Aquella tarde, el destino decidió poner a prueba la resistencia de Marina. La puerta del local se abrió con un estrépito innecesario, y el corazón de la joven se detuvo al ver entrar a Tristán, luciendo una impecable chaqueta marrón claro, del brazo de Carmen, una mujer rubia con un vestido azul que destilaba arrogancia. Tristán no solo le había robado el patrimonio familiar, sino que ahora venía a regodearse en su desgracia.

Un infante de marina defiende a una humilde camarera de su cruel exnovio

Al acercarse a servirles, los nervios traicionaron a Marina y unas gotas de café salpicaron la mesa de madera. La reacción de Tristán fue desproporcionada y violenta. Se puso de pie de un salto, golpeando la mesa con el puño y gritando insultos que resonaron en todo el local. Cuando el fiel Bruno comenzó a ladrar para defender a su dueña, Tristán levantó el pie con la clara intención de golpear al animal.

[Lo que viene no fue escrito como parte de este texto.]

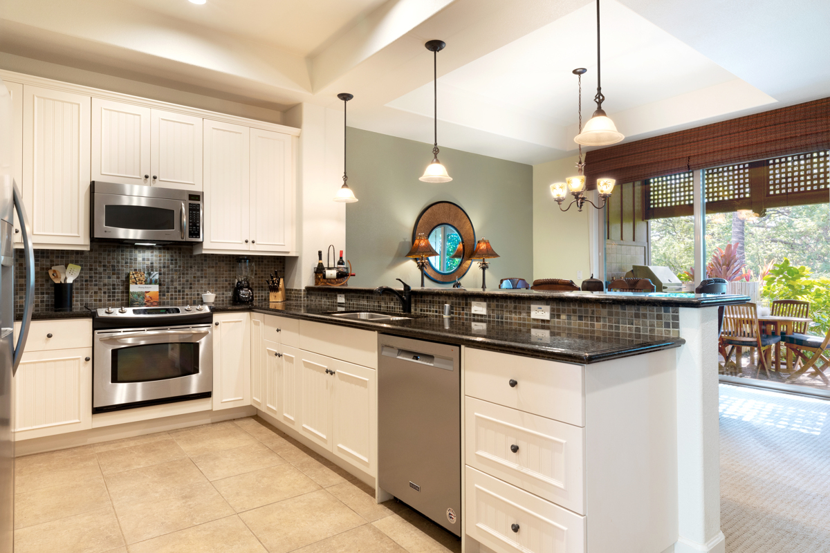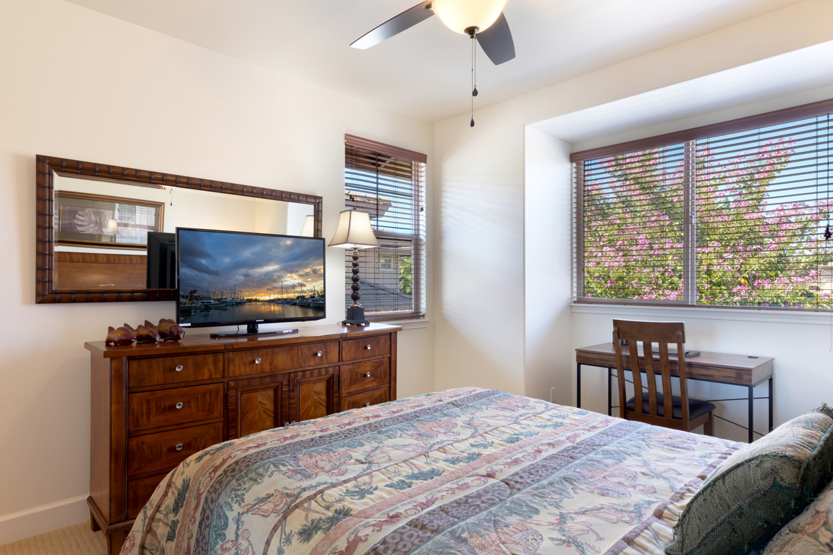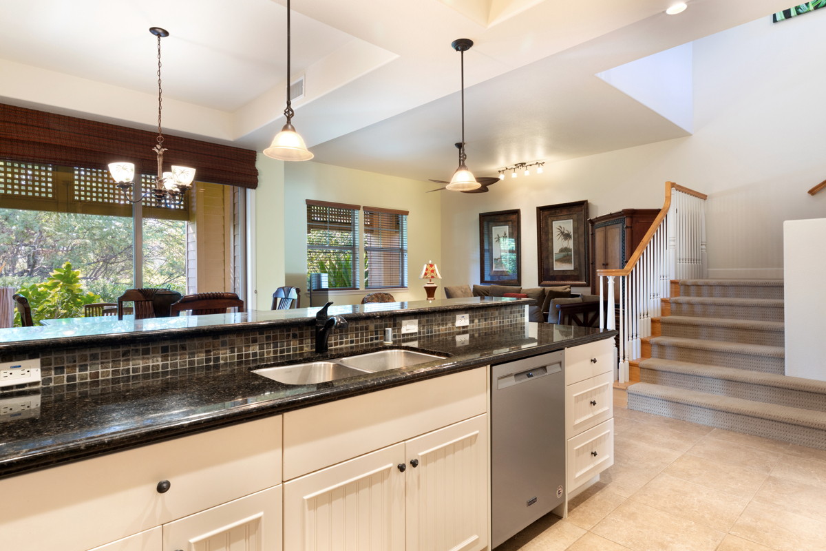 Situated in a location that is bordered by lush landscaping along the 5th hole of the Mauna Lani North course, this townhome provides a peaceful ambiance.

Presa del pánico, Marina se arrojó al suelo, cubriendo a su perro con su propio cuerpo mientras las lágrimas inundaban sus ojos. El hombre pisoteó con rabia el suelo, rozando su cabeza, mientras gritaba:

«¡Esto es por habernos arruinado la comida!»

Carmen reía con crueldad, disfrutando de la humillación. Fue en ese instante de absoluta vulnerabilidad cuando irrumpió César, un infante de marina español vestido con su uniforme de campaña. Con la rapidez de un rayo, César se interpuso entre ellos, empujando a Tristán con fuerza.

«¡Aléjate!»

Inmediatamente, el soldado se arrodilló junto a Marina, protegiéndola del peligro.

«Tranquila, te tengo», le susurró con firmeza.

Con la rapidez de un rayo, César se interpuso entre ellos, empujando a Tristán con fuerza.«¡Aléjate!»Inmediatamente, el soldado se arrodi…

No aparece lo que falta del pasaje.